What is being proposed instead, say Le Figaros informants, is that the ecology ministry should push for the development of the government's Suricate App, whereby hunters would report their presence.

This would in turn enable walkers, cyclists and others to adapt their route to avoid shoots.

Likely outcome

If this is correct there is likely to be protests as the issue is provoking strong feelings nationwide.

Hunting is one of France’s most popular and divisive activities. Opponents say hunters behave as though the countryside belongs to them and claim that they have killed, injured and terrified locals with impunity.

Hunters, for their part, accuse them of seeing rural France as a kind of Disneyland, where deer and wild boar roam free – damaging farmers’ crops and forests.

“In recent years, the divide has widened and hardened: anti-hunt activists – not all of them bourgeois urbanites – reject the view that innocent victims… are an inevitable corollary of rural tradition,” reports The Guardian.

French hunters have dug in to defend the centuries-old pursuit, pointing out that most of those killed or injured are hunters.

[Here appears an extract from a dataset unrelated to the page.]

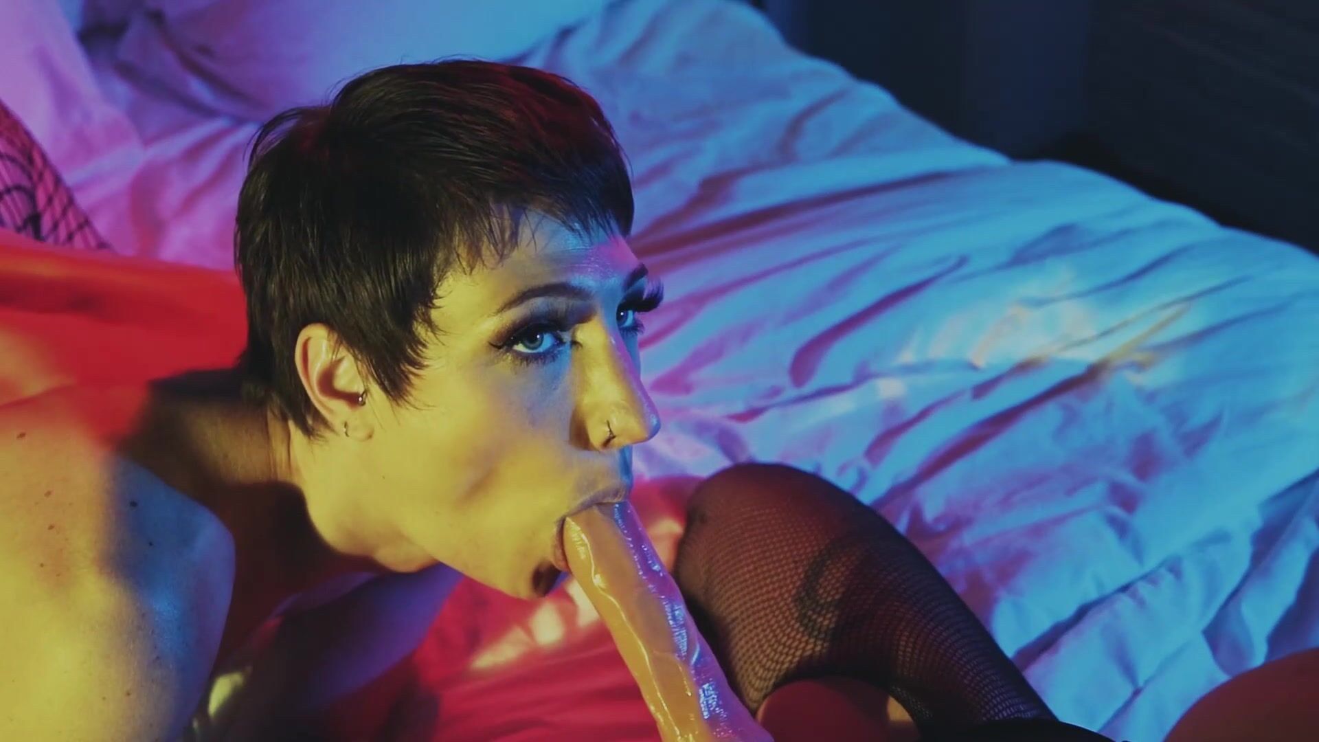 Short Haired Lesbian Babes Angelamour And Modeljenlynn Strapon Fucking In Fishnet
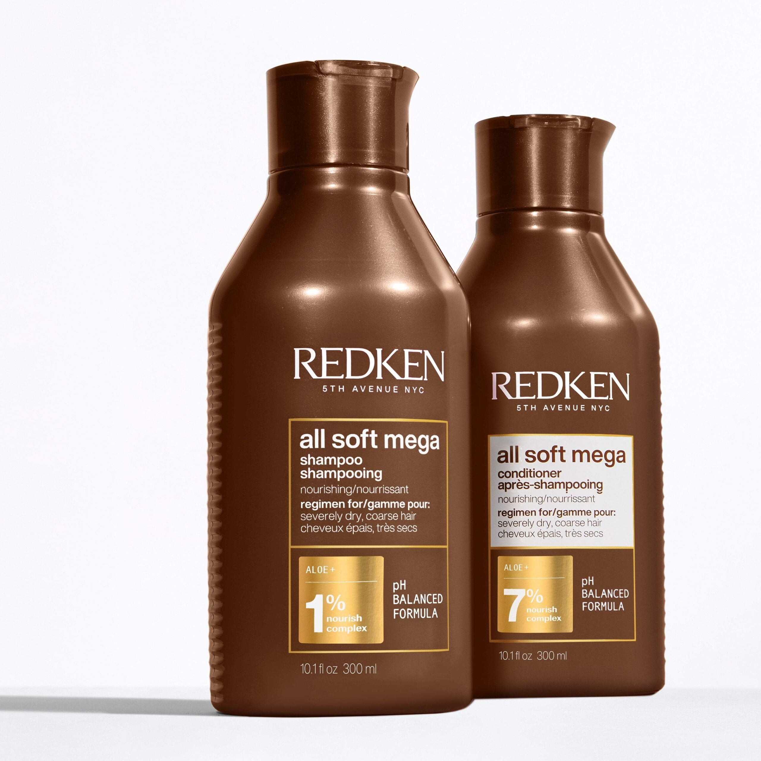 Redken All Soft Mega Shampoo nourishes and hydrates dry hair, infused with Aloe Vera for ultimate moisture. Perfect for medium to coarse hair types.

However, an Ifop poll (the French Institute of Public opinion - l'Institut français d'opinion publique) published Monday reveals that 78% of French people want hunting to be banned on Sundays.

Only 30% of citizens say they feel safe walking in the countryside. In July 2009 a similar poll showed that 46% of the population felt safe, the new survey points out.

‘A ban is not a taboo subject’

A ban on hunting on Sundays "is not a taboo subject", Ms Couillard declared last October. There have also been calls for the prohibition of hunting on Saturdays, bank holidays and during school vacations.

Since September, hunting has caused as many victims among non-hunters as among hunters.

The toll amongst the former stands at 18 injured and one dead. Among the hunting fraternity, there have been 17 injuries and two deaths, despite a significant decrease in the overall number of hunters and the recent publication of recommendations to make the sport safer, according to the LPO (France’s League for the protection of birds).

Ms Couillard has commented: “I see that there is an increase in accidents. There is also a very strong expectation for better relations (between the pro and anti-hunt lobbies).

“I believe that we must ask ourselves the right questions. Once again, this is not to avoid certain proposals. It is simply to say what is useful to promote the security of hunters and the protection of others.”

Jacky Desbrosse, president of the Marne hunting federation and also a regional councillor, said on Sunday: "There are many people who hunt and work.

“On Monday morning, they are at work. So if you prevent them from hunting on Sunday, you will clearly disrupt the system. I'm not telling you that it's totally impossible but it's certainly very disruptive."

Ms Couillard has also addressed the issue of alcohol consumption. "There is currently no framework regarding blood alcohol content in hunting, we want to change that.

“My objective is clear: I want to move towards zero accidents in the years to come and this will require better respect for the rules, more information for local residents and better sharing of space.”

Hunting’s deadly toll

In October 2021, Joël Viard, 67, was killed when a hunter’s stray bullet hit him in the neck as he drove along a motorway from Rennes to Nantes. The hunter is under investigation for manslaughter.

The death of Morgan Keane two years ago brought everything to a head. Mr Keane, 25, was hit in the chest as he was cutting wood outside his home in a village north of Toulouse, when Julien Féral, a hunter, “believing he was shooting at a boar”, shot him from a distance of 75 metres with a Remington pump-action rifle, a court was told.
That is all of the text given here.